Der Ersteller des Videos hat seinen Beitrag nach wenigen Tagen gelöscht, über eine Million Nutzerinnen und Nutzer sahen ihn bis dahin. Auf Anfrage von CORRECTIV.Faktencheck schrieb er, ihm sei ein Fehler unterlaufen. Doch sein Video kursiert vielfach weiter, andere Nutzerinnen und Nutzer teilten das Video oder die Audiospur als sogenanntes Duett oder veröffentlichten Auszüge davon. Diese landeten auch auf Facebook und X. Leserinnen und Leser schickten es auch an CORRECTIV.Faktencheck mit der Bitte um Überprüfung.

Die Recherche von CORRECTIV.Faktencheck kann den Einzelfall aus Niedersachsen nicht abschließend belegen. Doch klar ist: Das TikTok-Video führt in die Irre, denn es suggeriert, dass nur speziell Ukrainer Autos vom Jobcenter finanziert bekommen können. Das stimmt nicht.

Geld aus dem Vermittlungsbudget für Bürgergeld- und Arbeitslosengeld-Empfänger kann auch für Autos fließen

Rotenburg (Wümme) in Niedersachsen liegt nicht weit vom Standort des Autohändlers entfernt. Christine Huchzermeier, Pressesprecherin des Landkreises, schrieb auf Anfrage von CORRECTIV.Faktencheck: Das Jobcenter des Landkreises habe das Auto nicht bezahlt, es habe auch keine Überweisung des Landkreises an dieses Autohaus gegeben.

Huchzermeier schrieb aber auch: "Grundsätzlich ist es möglich, dass ein Jobcenter im Wege einer Beschäftigungsaufnahme Fahrzeuge fördert. Diese Möglichkeit besteht für alle Kunden des Jobcenters und ist als Förderinstrument im SGB II (Jobcenter) und SGB III (Bundesagentur für Arbeit) vorgesehen, um Kunden eine Arbeitsaufnahme zu ermöglichen."

Tatsächlich steht auf der Rechnung, die im TikTok-Video zu sehen ist, nicht das Jobcenter Landkreis Rotenburg, sondern die Bundesagentur für Arbeit.
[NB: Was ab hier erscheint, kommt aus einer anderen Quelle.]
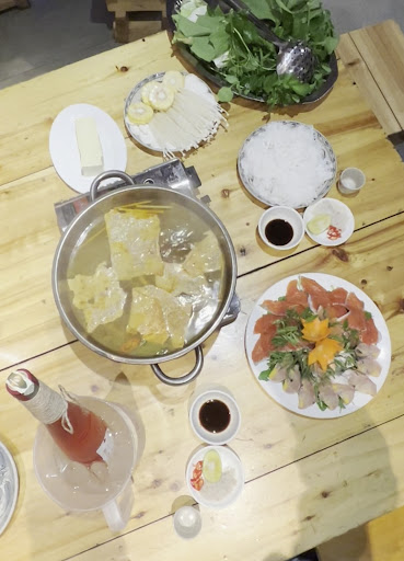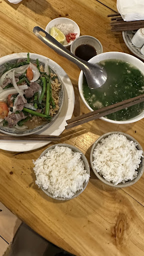 This place was hoppin' on a Wednesday night while all surrounding restaurants were empty. Every table came for hotpot so that is what we got. They have 4 different kinds chicken, horse, fish (salmon and sturgeon) and mixed (all 4 proteins). The sturgeon was the best in the hotpot. The horse meat was really tough but went really well with the citrus salt dip. I really wish they had beef because it would have been amazing with the dip. But I wanted to try the local food and this is what I got. We sat there eating for a good two hours. There was so much food, The hotpot for 2-3 defintiely fed 3-4 people. The place is filled with mostly locals. There were many foreigners that walked in but 90% walked out after seeing the menu. Another dish I saw on most tables is the com lam, sticky rice cooked in bamboo, I wished I could've tried it but there was way too much food on my table. There was also entertainment during dinner, I guy playing some sort of flute. He was amazing, we really enjoyed the music and so did everyone else in the restaurant. Everyone got out their phones to film him and things got a lot more lively when he played. This restaurant is a must for the local food...

Dort hieß es auf Anfrage, man könne den konkreten Fall weder bestätigen noch dementieren. So eine Konstellation sei aber denkbar, schreibt Sarah Kipp, Pressesprecherin der Bundesagentur für Arbeit.

Es geht dabei um Leistungen aus dem sogenannten Vermittlungsbudget, die Personen beantragen können, die Arbeitslosengeld oder Bürgergeld beziehen. Als Beispiel für solche Leitungen nannte Kipp Fahrtkosten zu Vorstellungsgesprächen oder Bewerbungskosten – und unter bestimmten Umständen auch ein Auto. Etwa, wenn der Arbeitsort eines Jobs, den die Person in Aussicht hat, nicht mit öffentlichen Verkehrsmitteln erreichbar ist. Das ist auch in den fachlichen Weisungen zum Zweiten und Dritten Sozialgesetzbuch (SGB II und SGB III), die Bürger- und Arbeitslosengeld regeln, festgeschrieben.
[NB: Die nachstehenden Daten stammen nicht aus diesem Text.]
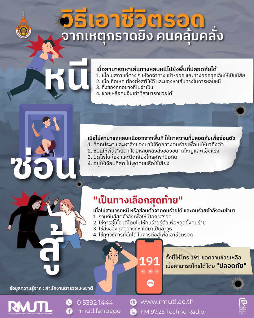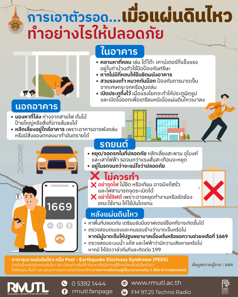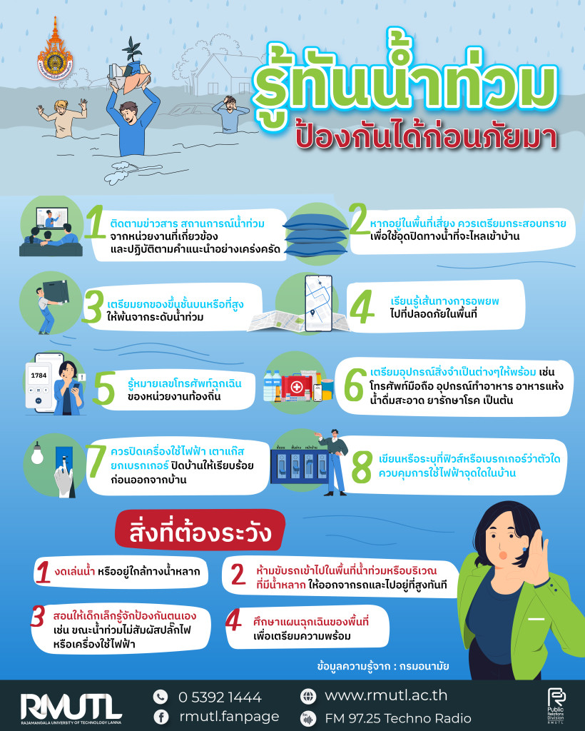 มหาวิทยาลัยเทคโนโลยีราชมงคลล้านนา ขอเชิญชวนคณาจารย์ บุคลากร นักศึกษา และประชาชนทุกท่าน ร่วมตระหนักถึงความสำคัญของการเตรียมความพร้อมในการรับมือกับ ภัยพิบัติทุกรูปแบบ ไม่ว่าจะเป็นอุทกภัย วาตภัย แผ่นดินไหว ไฟป่า หรือเหตุฉุกเฉินอื่น ๆ ที่อาจเกิดขึ้นได้โดยไม่คาดคิด การมีความรู้ ความเข้าใจ และการวางแผนรับมืออย่างถูกต้อง คือกุญแจสำคัญในการลดความสูญเสียและปกป้องชีวิตของเราและคนรอบข้าง

Leistungen wie Fahrtkosten oder Autos stehen Menschen aus der Ukraine gleichermaßen wie Deutschen zu

Diese Leistungen können aber nicht nur Menschen aus der Ukraine beantragen – wie auf TikTok behauptet wird – sondern generell alle, die Arbeitslosengeld oder Bürgergeld beziehen. Die Leistung ist nicht davon abhängig, woher die Person kommt, auch Menschen aus anderen Ländern und Deutsche können sie beantragen.

Auf der Webseite der Bundesagentur für Arbeit ist nachzulesen: Auf Arbeitslosengeld – und damit gegebenenfalls auf Leistungen aus dem Vermittlungsbudget – haben Bürgerinnen und Bürger aus der EU oder dem Europäischen Wirtschaftsraum (EWR) sowie der Schweiz und alle mit einer gültigen Aufenthaltserlaubnis Anspruch. Beim Bürgergeld sind die Regeln ähnlich.

Die Ukraine ist aktuell weder Mitglied in der EU noch im EWR, Geflüchtete aus der Ukraine bekommen aber in Deutschland einen Aufenthaltstitel und können daher reguläre Sozialleistungen erhalten.

Einen Rechtsanspruch auf Förderungen, wie zum Beispiel von Autos, gebe es nicht, schreibt Kipp. Außerdem müssten die zu erwartenden Kosten "angemessen" sein, in der Regel würden nicht die vollen Kosten übernommen, sondern ein Zuschuss gewährt. Auch für Reparaturen oder etwa TÜV-Überprüfungen müssten die Personen in der Regel selbst aufkommen.

Fazit: Das Video auf TikTok erweckt fälschlicherweise den Eindruck, für Menschen aus der Ukraine würden generell die Kosten für ein Auto übernommen oder gefördert. Tatsächlich ist das nur unter bestimmten Umständen möglich und eine Leistung, die auch deutsche Staatsbürgerinnen und -bürger sowie Personen aus anderen Ländern bekommen können.